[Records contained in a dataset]
--------------------

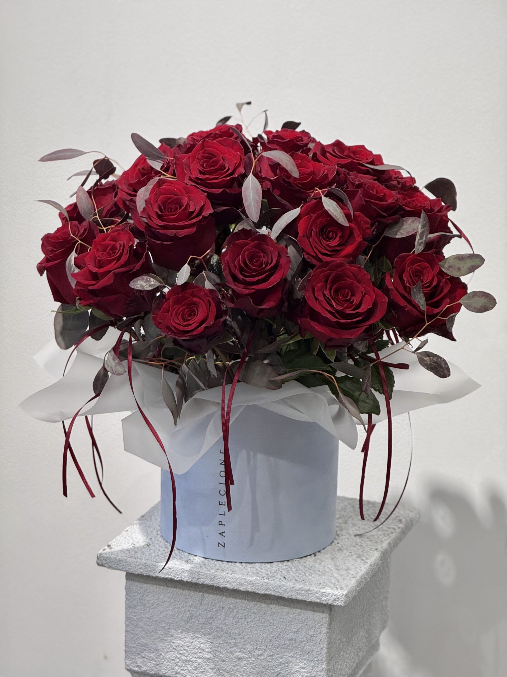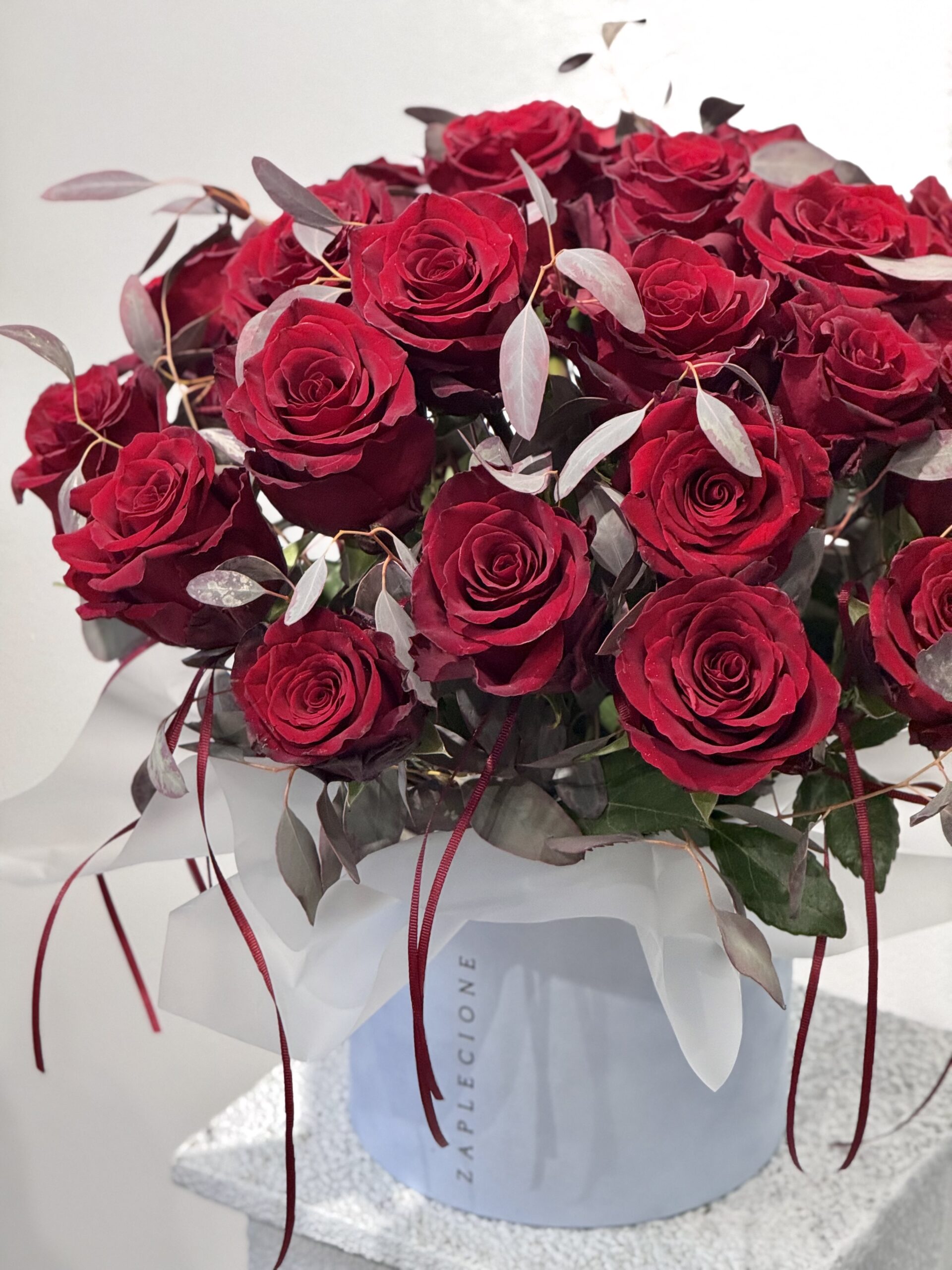 intensywnie czerwonych róż klasy premium oraz świeżego eukaliptusa,
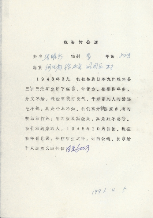 1943年3月,我被骗到日本九州[熊]本县三井三池矿业所下煤窑,做苦力。整整两年多,分文不给,还经常挨打受气,干着累死人的活还吃不饱,真是牛马不如,我们离开祖国家乡,有的被活活打死;有的被瓦斯烧死,真是惨不忍睹。我们活过来的人,1945年10月回国。现在我年[事]已高,要在有生之年,讨回公道,要求给予人道主义的补偿。日元600万。
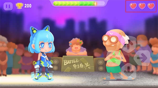 4、游戏上方还有一个倒计时,玩家越快完成尬舞获得奖杯越多,倒计时结束还没有完成尬舞玩家将失去一个爱心;
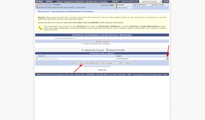 5. Para finalizar o cadastramento do memorando, clique em “Enviar para Autenticação”. O servidor responsável receberá um e-mail avisando que há um memorando pendente para sua autenticação;
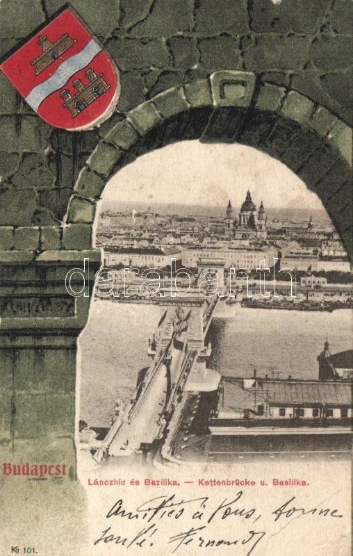 Budapest, Lánchíd, Bazilika, címer litho (EB)
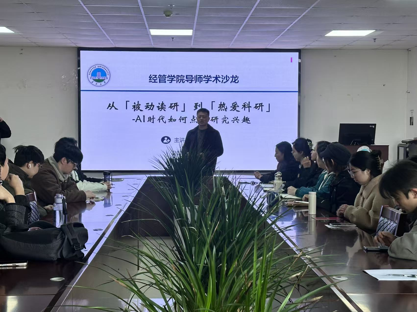 (通讯员 陈情阳)2026年3月12日下午,yl9193永利集团第二十一期“求实导师学术沙龙”在文科楼505会议室举行。王华强副院长担任主讲人,讲座主题为“从被动读研到热爱科研—AI时代如何点燃研究兴趣”,学院研究生代表40人参与活动。
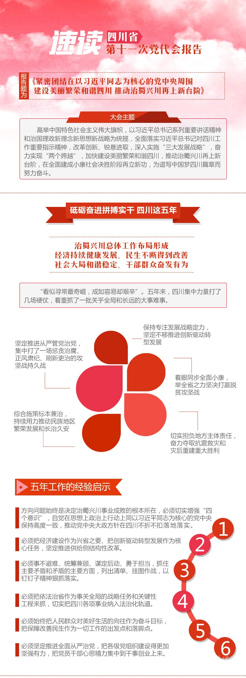 省第十一次黨代會(huì)5月24日上午開幕,王東明代表十屆四川省委向大會(huì)作報(bào)告。四川這五年砥礪奮進(jìn)拼搏實(shí)干取得了怎樣的成績(jī)?收獲哪些經(jīng)驗(yàn)啟示?未來如何開創(chuàng)發(fā)展新局面?
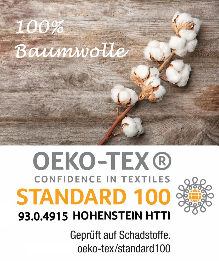 Geprüfte Qualität Öko-Tex Standard 100 - dieser Artikel untersteht laufenden Kontrollen durch den Hersteller.
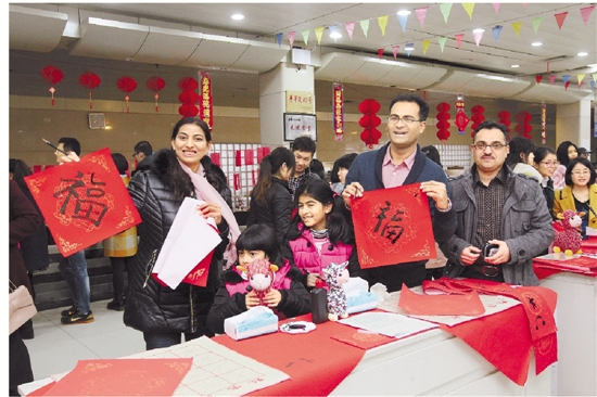 大年三十,浙江大学有800多位师生留校过年。下午3时,紫金港校区食堂人声鼎沸,红彤彤的灯谜、红彤彤的对联映红了同学们的笑脸,大家拿起毛笔,为新的一年亲手写上一个“福”字。在“新年活动专区”,同学们写福、送福、猜灯谜,在热闹的民俗活动中感受浓浓年味。
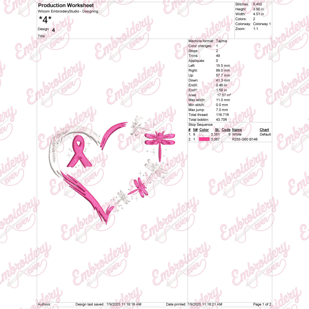 Let your creativity shine with this delightful Dragonfly Dreams Supporting Breast Cancer embroidery design!
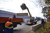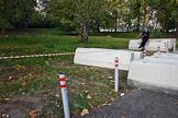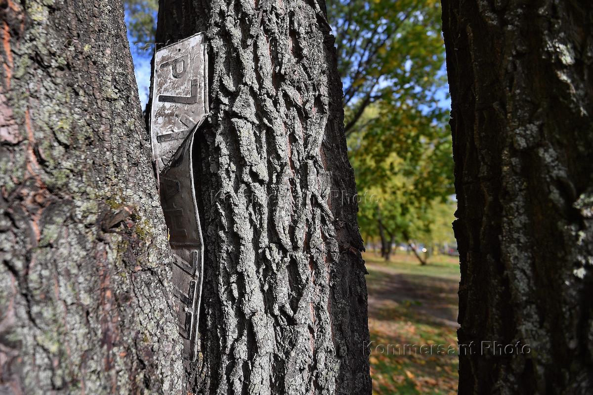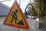 Виды Москвы. Жанровая фотография. Дорожные работы реконструкции Северного дублера Кутузовского проспекта в Кунцево на улице Ивана Франко, из-за которой планируется вырубить парк с трехсотлетними дубами. Информационный плакат о строительстве Северного дублера Кутузовского проспекта на ограде парка.
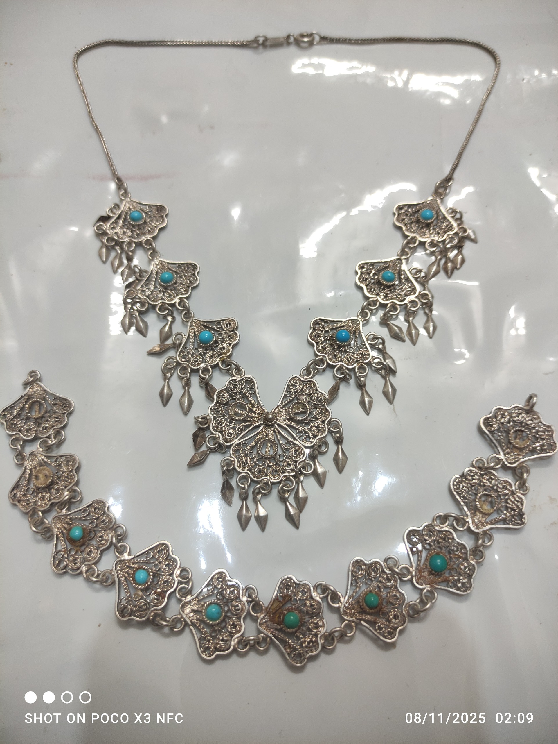 گردنبند و دستبند اصل نقره 925 و تمامأ کار دست هست البته چند تا از نگینهاشاز فروشگاه ما حتمأ دیدن کنید.
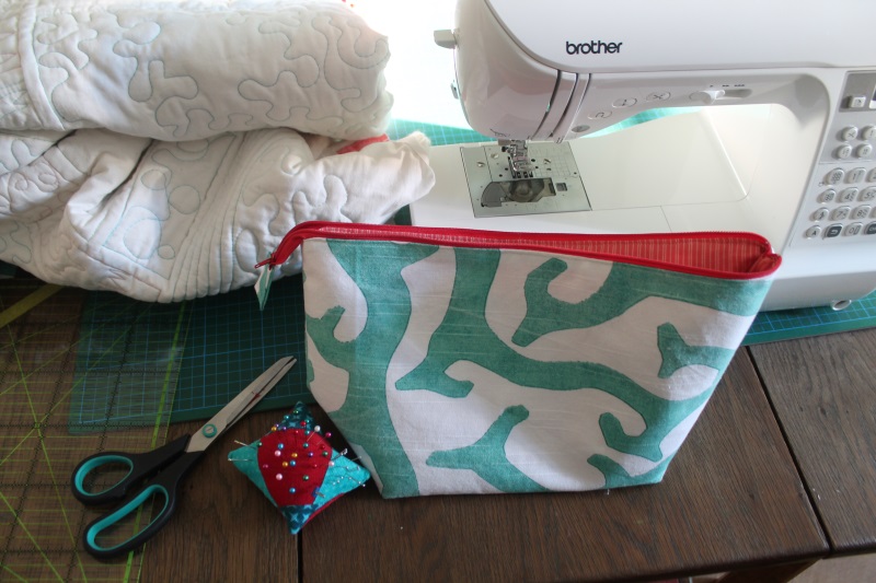 Nach dem Aufstehen und einem Abstecher im Bad komme ich an meinen Nähprojekten von letzter Nacht vorbei, ist mal wieder etwas später geworden. Eine Kosmetiktasche die zur Strandtasche passt und ein bisschen Quilting am werdenden nächsten Wee Wander Quilt.

--------------------

* _EXERCISE DETAILS_
Write the lines from the one containing "Виды Москвы. Жанровая" through the end of the data above exactly as they appear, and do not carry over any picture.

* _ANSWER TO THIS EXERCISE_
 Виды Москвы. Жанровая фотография. Дорожные работы реконструкции Северного дублера Кутузовского проспекта в Кунцево на улице Ивана Франко, из-за которой планируется вырубить парк с трехсотлетними дубами. Информационный плакат о строительстве Северного дублера Кутузовского проспекта на ограде парка.
 گردنبند و دستبند اصل نقره 925 و تمامأ کار دست هست البته چند تا از نگینهاشاز فروشگاه ما حتمأ دیدن کنید.
 Nach dem Aufstehen und einem Abstecher im Bad komme ich an meinen Nähprojekten von letzter Nacht vorbei, ist mal wieder etwas später geworden. Eine Kosmetiktasche die zur Strandtasche passt und ein bisschen Quilting am werdenden nächsten Wee Wander Quilt.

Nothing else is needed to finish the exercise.